*INSTRUCTIONS FOR THE TASK*: Please reproduce the lines of the records below from the one holding "转发 | 佛山市建设工程造价服务中心赢博(股份)有限公司官网对2024年第2季度业绩备案表现优秀的企业进行表扬的通报" through the one holding "Смеситель Grohe BauEdge", inclusive, skipping all pictures.

*DATA FOR THIS EXERCISE*:
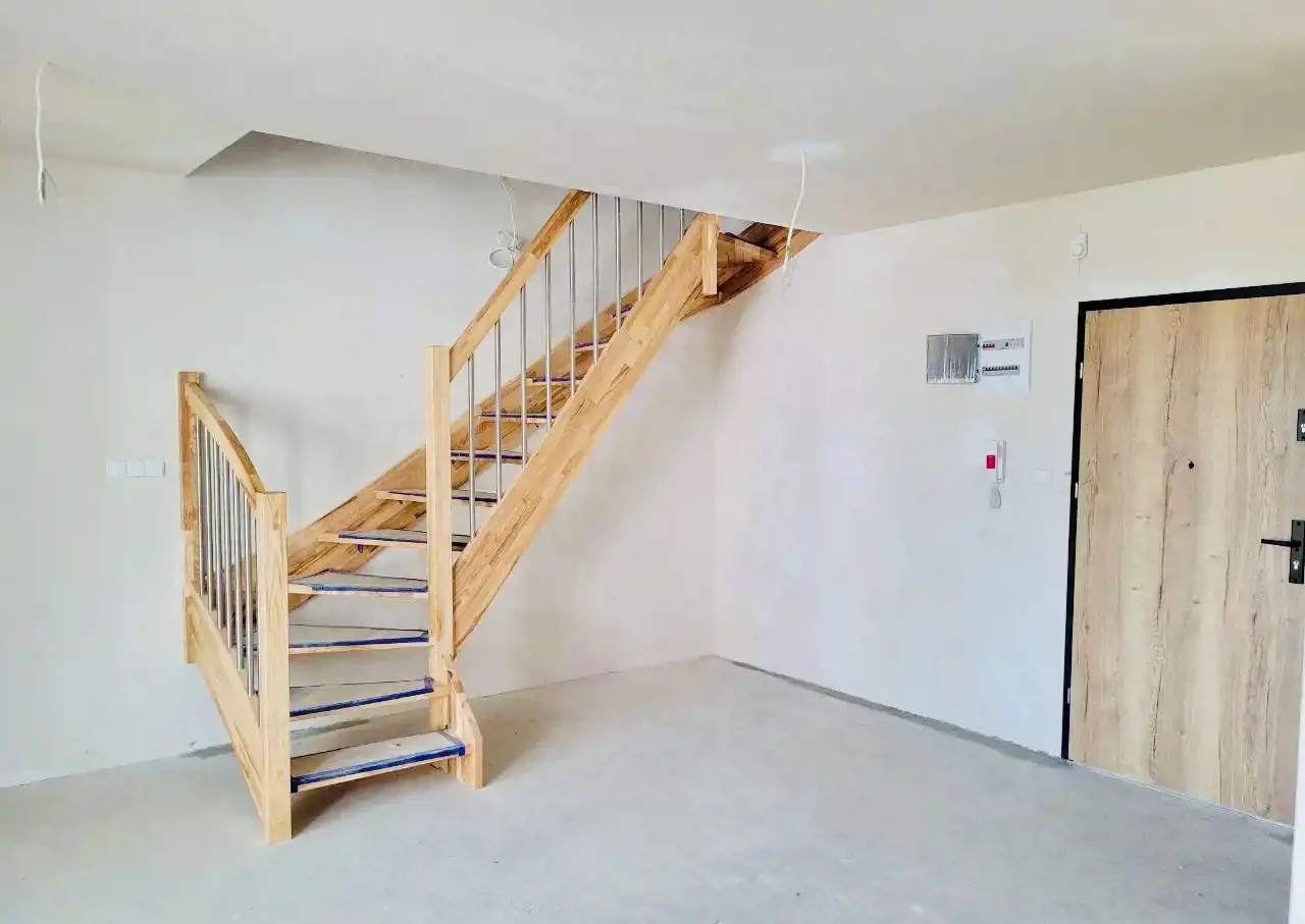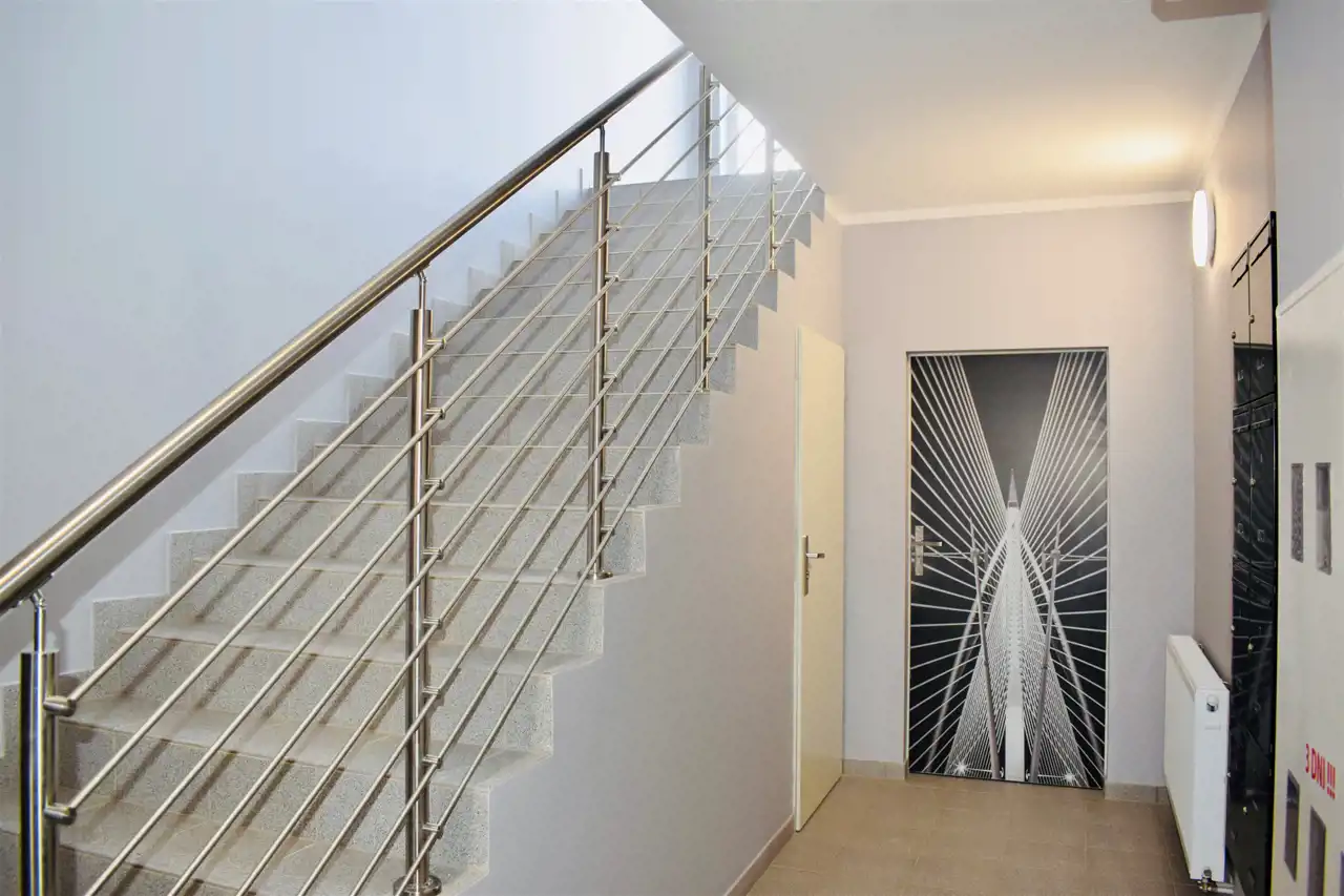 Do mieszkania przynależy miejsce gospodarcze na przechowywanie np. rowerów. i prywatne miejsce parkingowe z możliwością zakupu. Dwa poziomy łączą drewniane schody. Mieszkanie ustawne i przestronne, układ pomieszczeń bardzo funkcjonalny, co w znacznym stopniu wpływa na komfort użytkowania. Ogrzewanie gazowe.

* * *

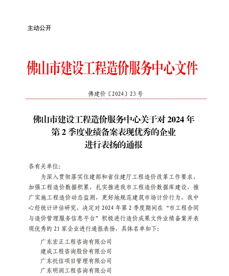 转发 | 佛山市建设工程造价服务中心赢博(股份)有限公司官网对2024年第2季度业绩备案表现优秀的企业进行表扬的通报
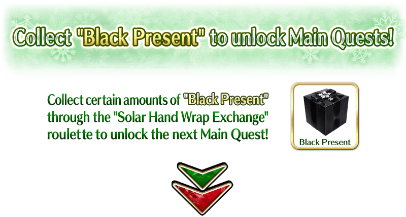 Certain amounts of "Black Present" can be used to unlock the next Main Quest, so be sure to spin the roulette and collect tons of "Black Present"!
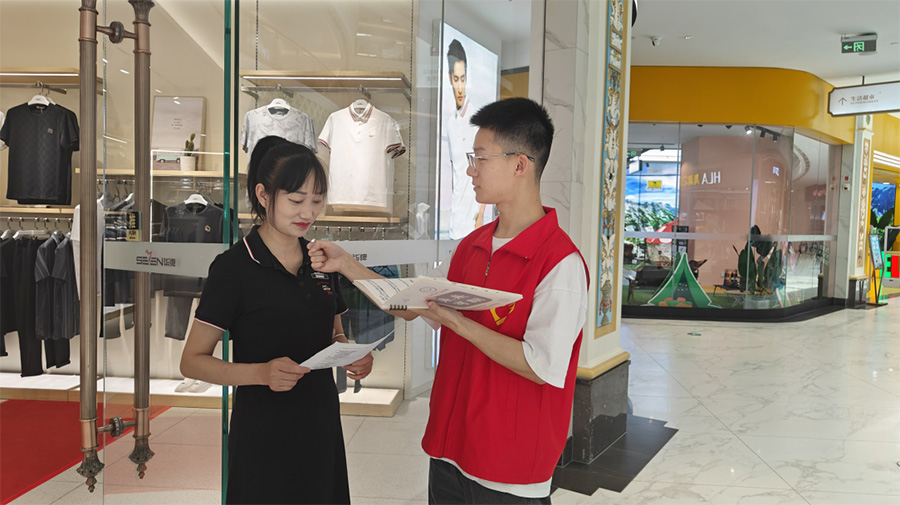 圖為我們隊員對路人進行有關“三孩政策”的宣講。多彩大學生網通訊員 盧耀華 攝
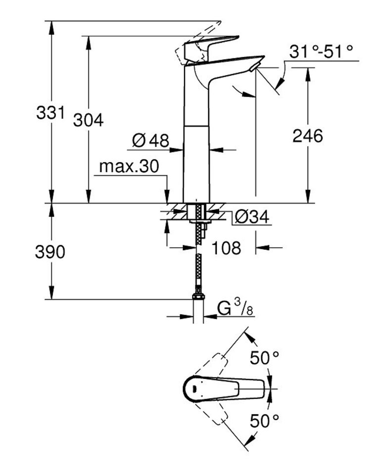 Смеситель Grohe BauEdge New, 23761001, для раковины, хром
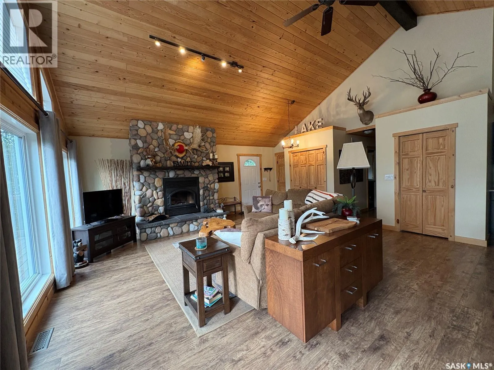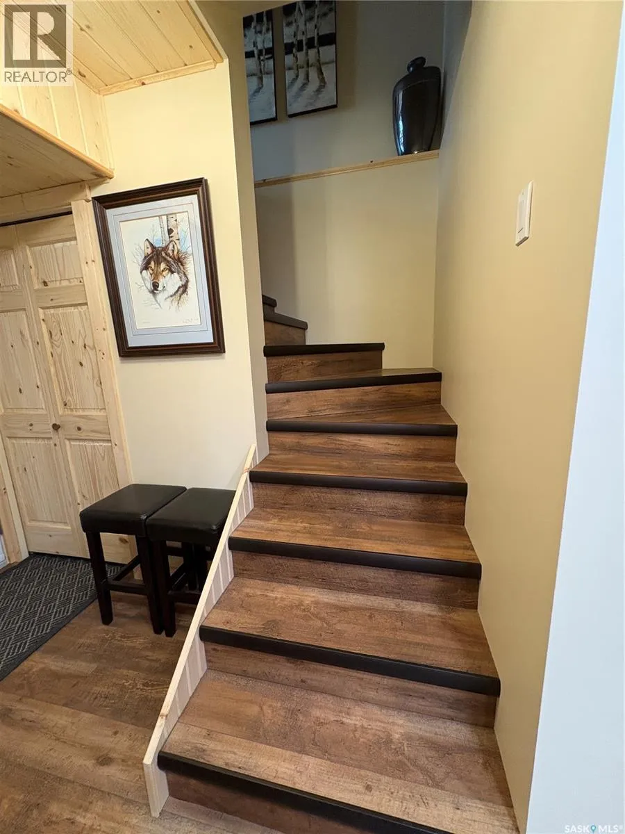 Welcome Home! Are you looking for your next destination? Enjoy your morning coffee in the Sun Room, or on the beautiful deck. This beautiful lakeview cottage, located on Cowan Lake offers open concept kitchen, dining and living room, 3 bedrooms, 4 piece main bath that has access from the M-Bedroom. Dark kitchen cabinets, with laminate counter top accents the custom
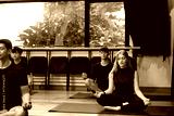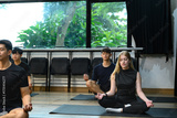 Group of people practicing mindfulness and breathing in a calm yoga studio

*EXERCISE ANSWER*:
 转发 | 佛山市建设工程造价服务中心赢博(股份)有限公司官网对2024年第2季度业绩备案表现优秀的企业进行表扬的通报
 Certain amounts of "Black Present" can be used to unlock the next Main Quest, so be sure to spin the roulette and collect tons of "Black Present"!
 圖為我們隊員對路人進行有關“三孩政策”的宣講。多彩大學生網通訊員 盧耀華 攝
 Смеситель Grohe BauEdge New, 23761001, для раковины, хром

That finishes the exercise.